● **ABOUT THIS TASK**
In the records below, the lines between the one holding "This document provides" and the one holding "義載服務已接獲數十宗預約。聯", inclusive, are to be transcribed exactly; no pictures are to be included.

Items listed in a dataset

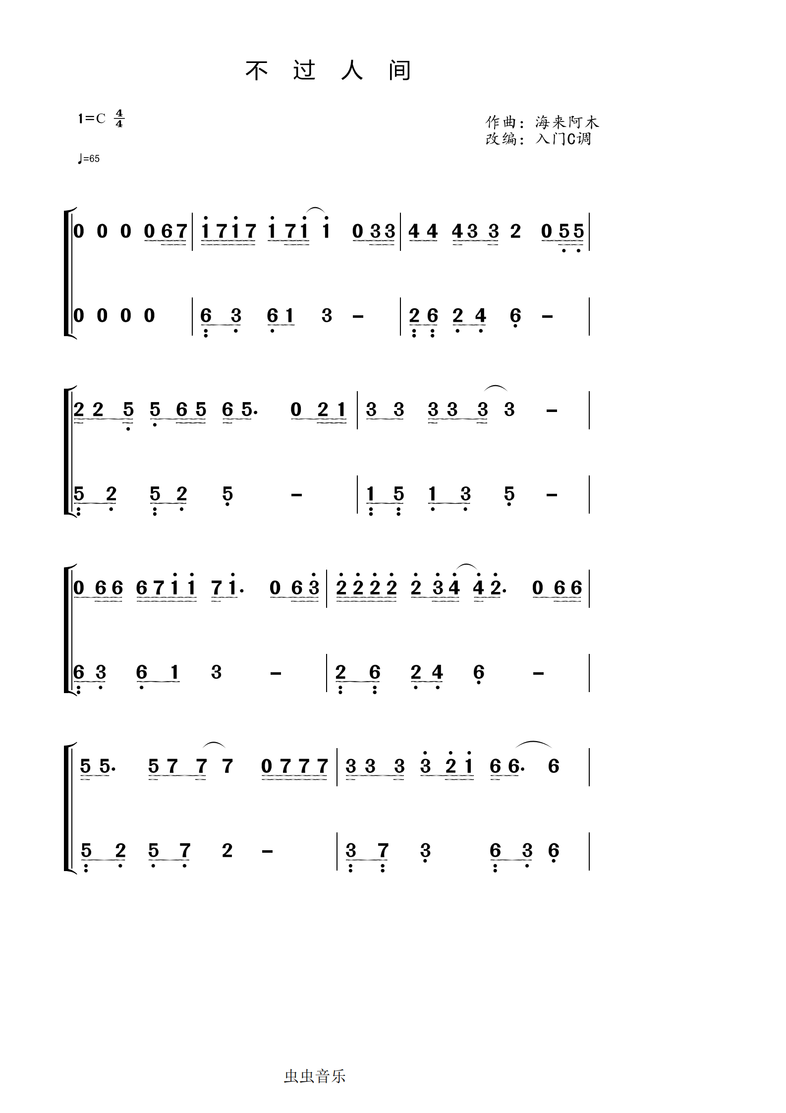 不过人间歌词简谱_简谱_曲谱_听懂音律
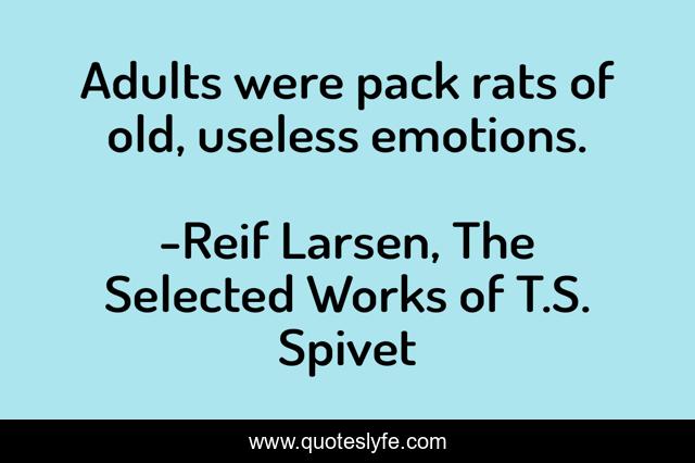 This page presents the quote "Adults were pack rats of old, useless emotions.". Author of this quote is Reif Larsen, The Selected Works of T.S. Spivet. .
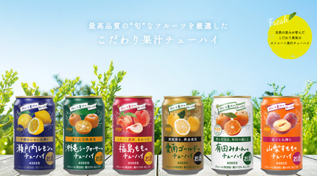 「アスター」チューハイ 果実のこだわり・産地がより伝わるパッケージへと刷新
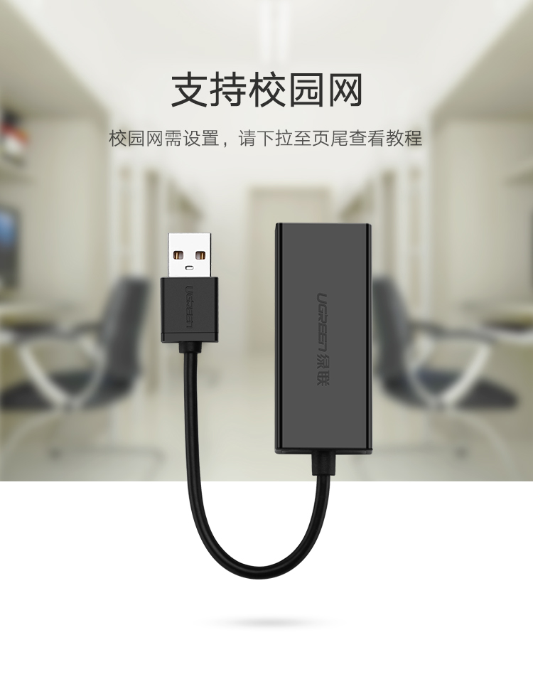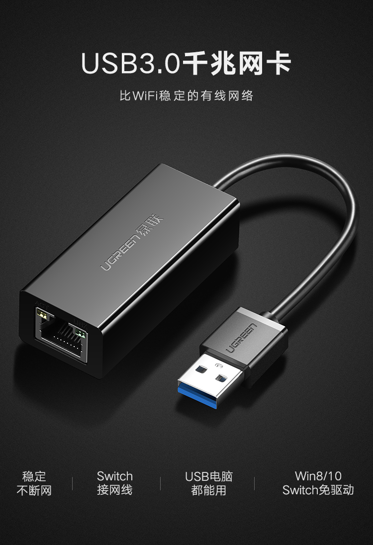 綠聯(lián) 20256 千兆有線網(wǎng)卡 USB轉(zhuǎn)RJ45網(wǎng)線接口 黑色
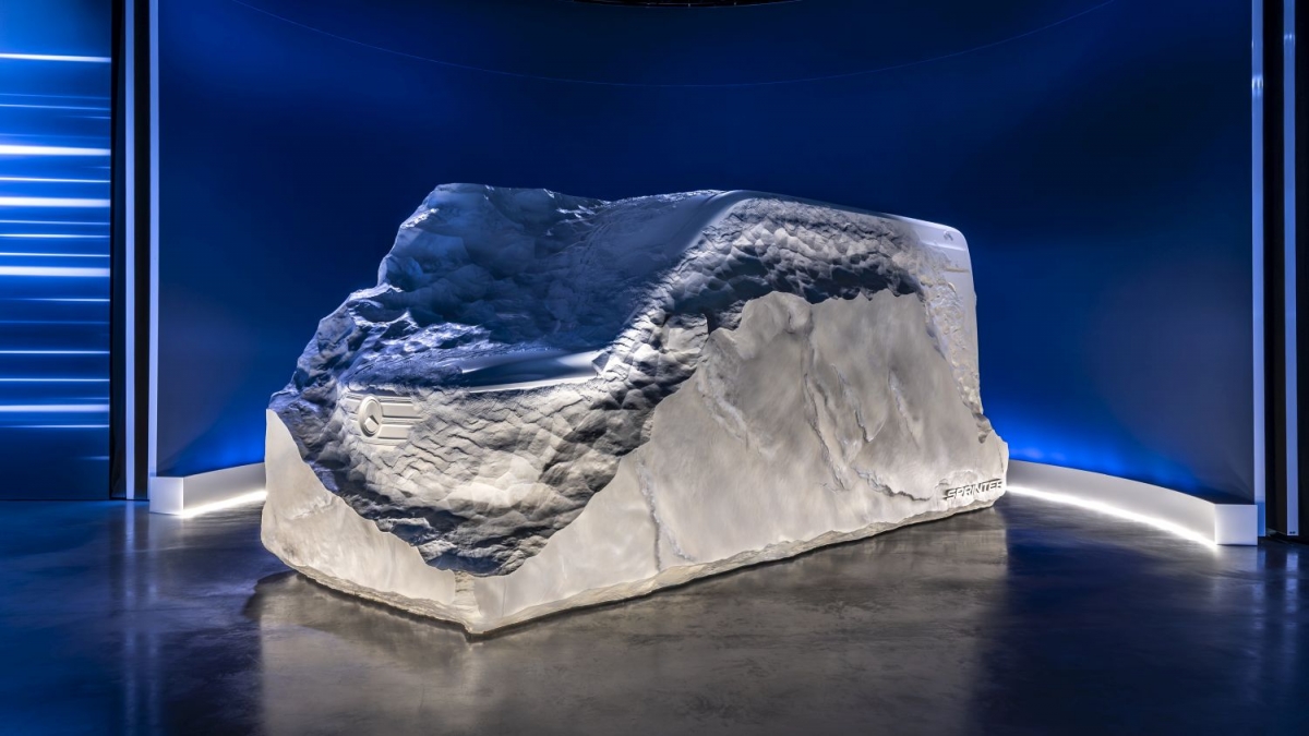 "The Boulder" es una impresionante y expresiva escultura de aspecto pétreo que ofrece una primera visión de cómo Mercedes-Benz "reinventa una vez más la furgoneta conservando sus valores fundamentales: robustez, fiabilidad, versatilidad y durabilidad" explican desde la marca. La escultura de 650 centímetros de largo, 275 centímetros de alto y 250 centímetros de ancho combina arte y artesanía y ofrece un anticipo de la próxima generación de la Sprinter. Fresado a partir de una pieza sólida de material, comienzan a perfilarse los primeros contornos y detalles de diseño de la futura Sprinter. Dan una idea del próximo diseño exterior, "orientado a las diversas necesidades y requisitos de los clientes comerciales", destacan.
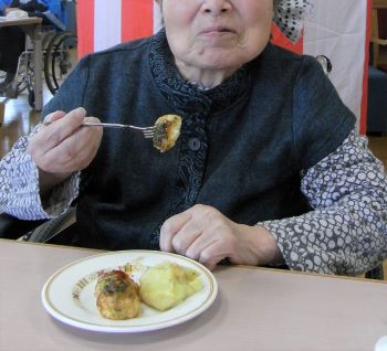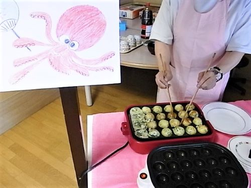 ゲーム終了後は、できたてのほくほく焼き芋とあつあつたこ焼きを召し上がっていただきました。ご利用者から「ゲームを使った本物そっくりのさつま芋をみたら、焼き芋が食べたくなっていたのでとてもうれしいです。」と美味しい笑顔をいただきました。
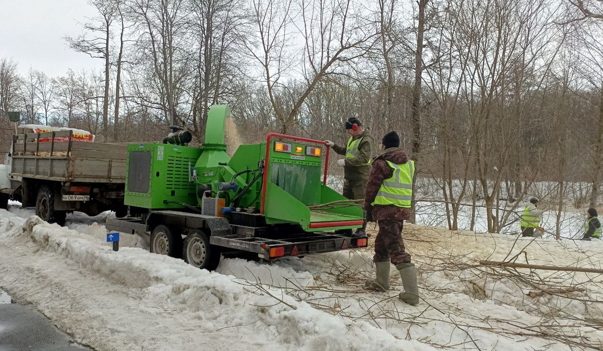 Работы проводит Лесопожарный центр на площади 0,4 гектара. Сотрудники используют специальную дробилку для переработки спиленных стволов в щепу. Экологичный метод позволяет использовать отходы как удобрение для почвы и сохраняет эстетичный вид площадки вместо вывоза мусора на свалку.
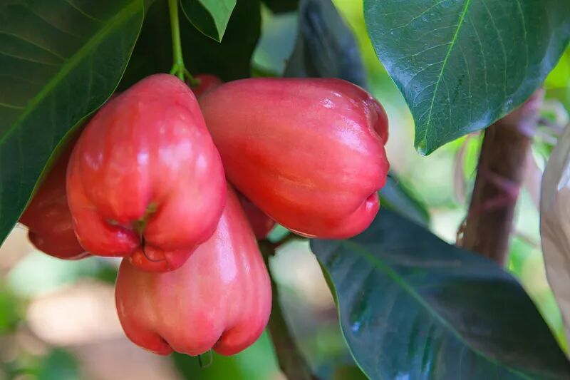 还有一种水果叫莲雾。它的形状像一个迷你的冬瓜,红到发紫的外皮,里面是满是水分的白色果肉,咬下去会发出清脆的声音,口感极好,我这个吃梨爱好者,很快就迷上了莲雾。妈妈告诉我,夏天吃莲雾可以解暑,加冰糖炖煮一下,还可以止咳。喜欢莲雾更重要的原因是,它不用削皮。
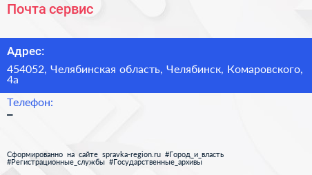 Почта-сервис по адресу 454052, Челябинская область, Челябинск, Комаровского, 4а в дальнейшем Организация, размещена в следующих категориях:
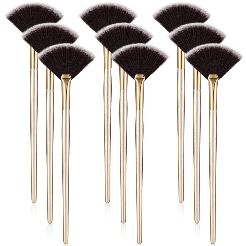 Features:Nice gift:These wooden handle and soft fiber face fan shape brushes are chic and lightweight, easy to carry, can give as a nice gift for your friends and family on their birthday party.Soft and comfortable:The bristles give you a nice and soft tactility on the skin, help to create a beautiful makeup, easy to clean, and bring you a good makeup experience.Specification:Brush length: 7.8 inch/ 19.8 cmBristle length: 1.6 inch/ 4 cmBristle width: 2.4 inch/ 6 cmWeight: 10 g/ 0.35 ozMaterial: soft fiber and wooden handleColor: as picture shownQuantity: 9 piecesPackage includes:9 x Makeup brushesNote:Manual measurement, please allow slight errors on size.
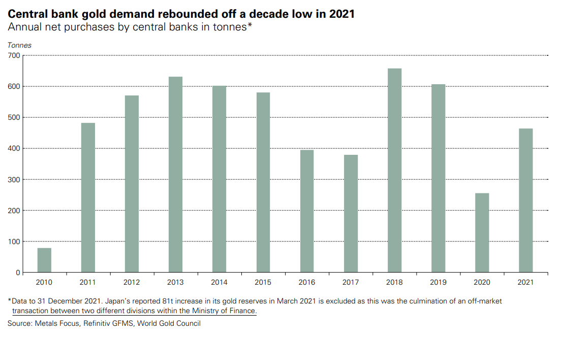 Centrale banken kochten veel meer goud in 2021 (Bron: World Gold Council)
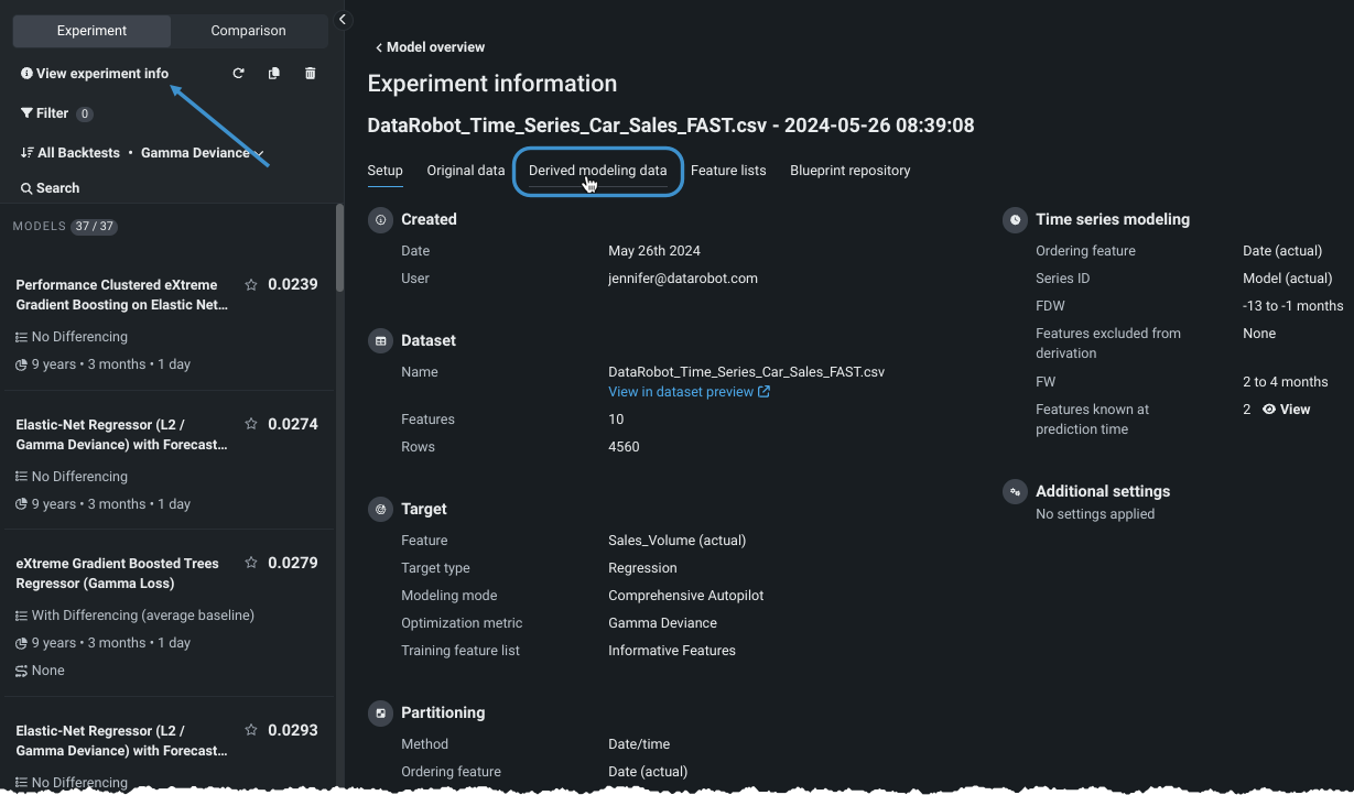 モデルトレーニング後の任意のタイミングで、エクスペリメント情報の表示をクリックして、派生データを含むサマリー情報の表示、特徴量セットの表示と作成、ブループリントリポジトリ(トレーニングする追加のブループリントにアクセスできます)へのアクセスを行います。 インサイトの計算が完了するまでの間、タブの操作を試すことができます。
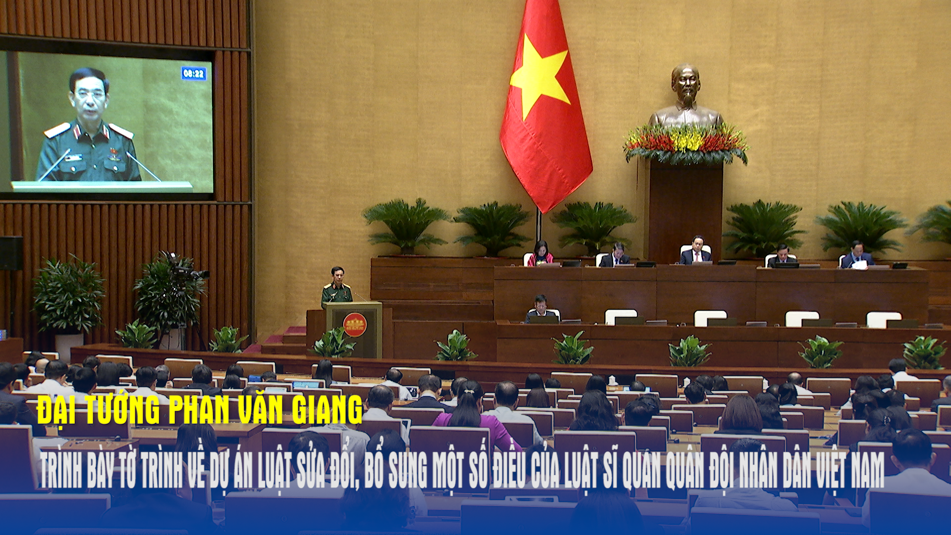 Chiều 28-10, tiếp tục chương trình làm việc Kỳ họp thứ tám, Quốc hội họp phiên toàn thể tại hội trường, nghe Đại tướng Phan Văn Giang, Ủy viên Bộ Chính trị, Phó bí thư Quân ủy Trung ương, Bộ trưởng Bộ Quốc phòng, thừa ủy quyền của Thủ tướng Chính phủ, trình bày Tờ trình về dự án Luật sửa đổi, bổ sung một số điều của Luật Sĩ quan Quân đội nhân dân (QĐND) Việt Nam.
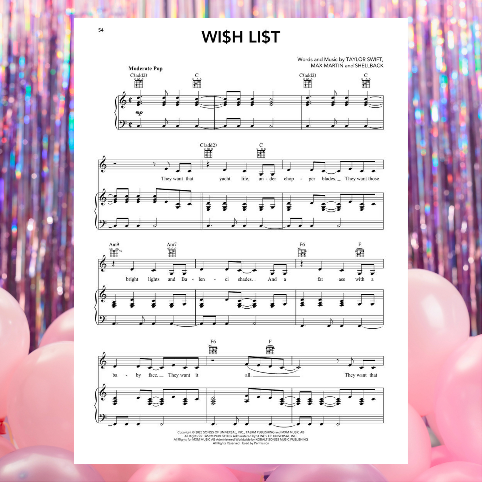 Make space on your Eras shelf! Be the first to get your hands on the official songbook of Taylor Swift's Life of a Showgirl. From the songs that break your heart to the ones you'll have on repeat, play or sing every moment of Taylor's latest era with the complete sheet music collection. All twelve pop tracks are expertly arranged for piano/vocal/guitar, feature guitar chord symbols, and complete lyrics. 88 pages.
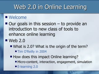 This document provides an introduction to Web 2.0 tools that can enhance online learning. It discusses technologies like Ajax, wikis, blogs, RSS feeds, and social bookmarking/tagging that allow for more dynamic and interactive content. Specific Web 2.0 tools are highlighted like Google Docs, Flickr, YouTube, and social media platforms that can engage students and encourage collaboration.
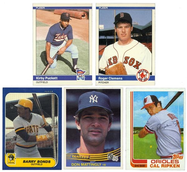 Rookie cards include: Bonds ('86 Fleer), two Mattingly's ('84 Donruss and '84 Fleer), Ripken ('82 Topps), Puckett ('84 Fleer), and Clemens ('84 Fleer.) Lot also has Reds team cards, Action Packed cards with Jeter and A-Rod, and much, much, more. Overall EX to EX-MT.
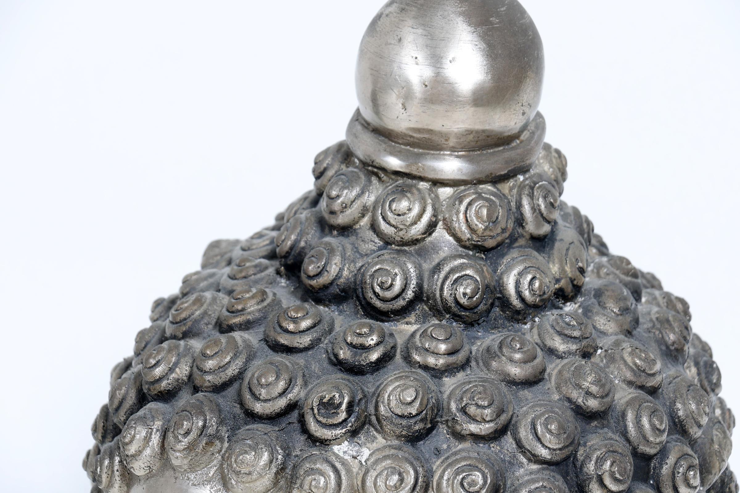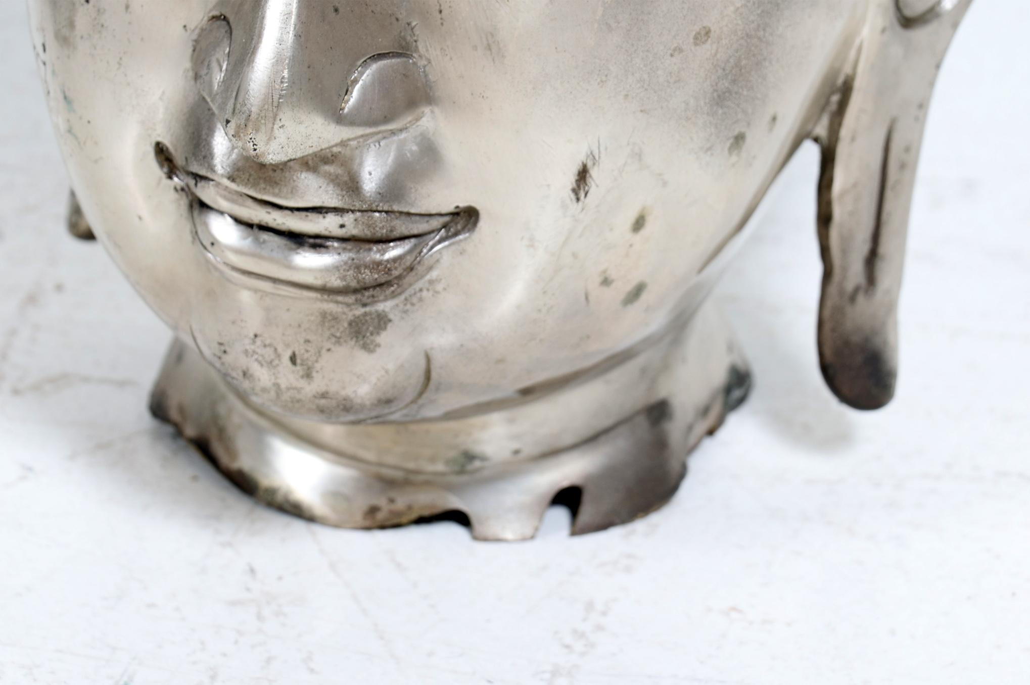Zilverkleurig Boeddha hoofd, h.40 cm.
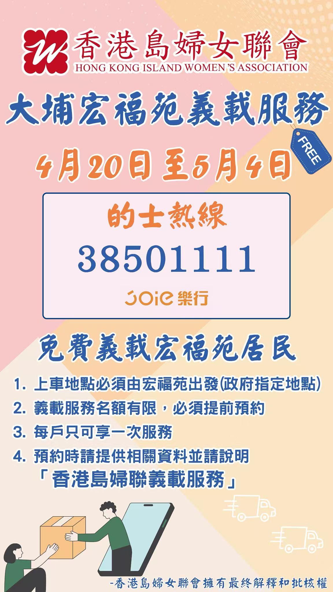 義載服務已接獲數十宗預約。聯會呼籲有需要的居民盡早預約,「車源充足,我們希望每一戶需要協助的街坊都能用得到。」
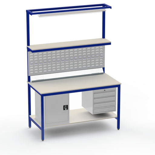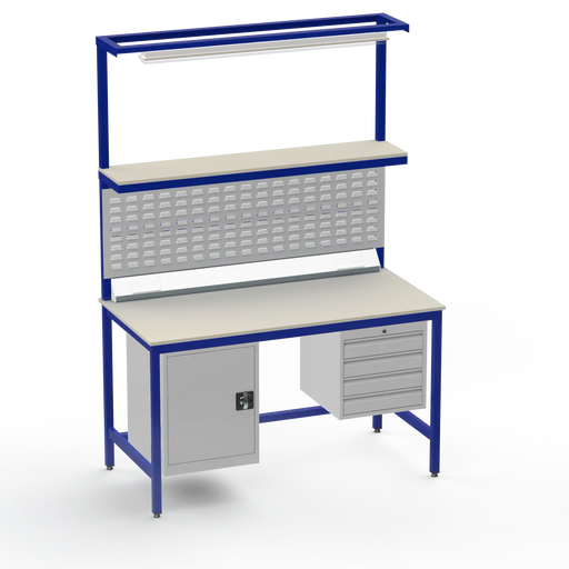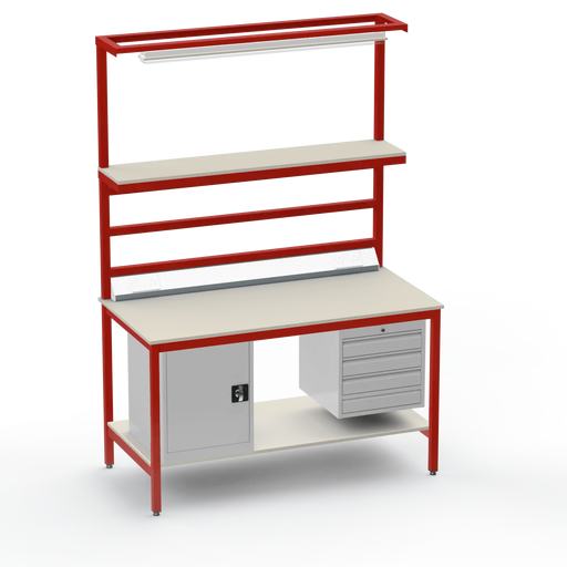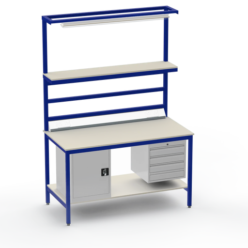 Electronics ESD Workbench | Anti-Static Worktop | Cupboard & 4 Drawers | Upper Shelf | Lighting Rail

● **SOLUTION FOR THIS PROBLEM**
 This document provides an introduction to Web 2.0 tools that can enhance online learning. It discusses technologies like Ajax, wikis, blogs, RSS feeds, and social bookmarking/tagging that allow for more dynamic and interactive content. Specific Web 2.0 tools are highlighted like Google Docs, Flickr, YouTube, and social media platforms that can engage students and encourage collaboration.
 Rookie cards include: Bonds ('86 Fleer), two Mattingly's ('84 Donruss and '84 Fleer), Ripken ('82 Topps), Puckett ('84 Fleer), and Clemens ('84 Fleer.) Lot also has Reds team cards, Action Packed cards with Jeter and A-Rod, and much, much, more. Overall EX to EX-MT.
Zilverkleurig Boeddha hoofd, h.40 cm.
 義載服務已接獲數十宗預約。聯會呼籲有需要的居民盡早預約,「車源充足,我們希望每一戶需要協助的街坊都能用得到。」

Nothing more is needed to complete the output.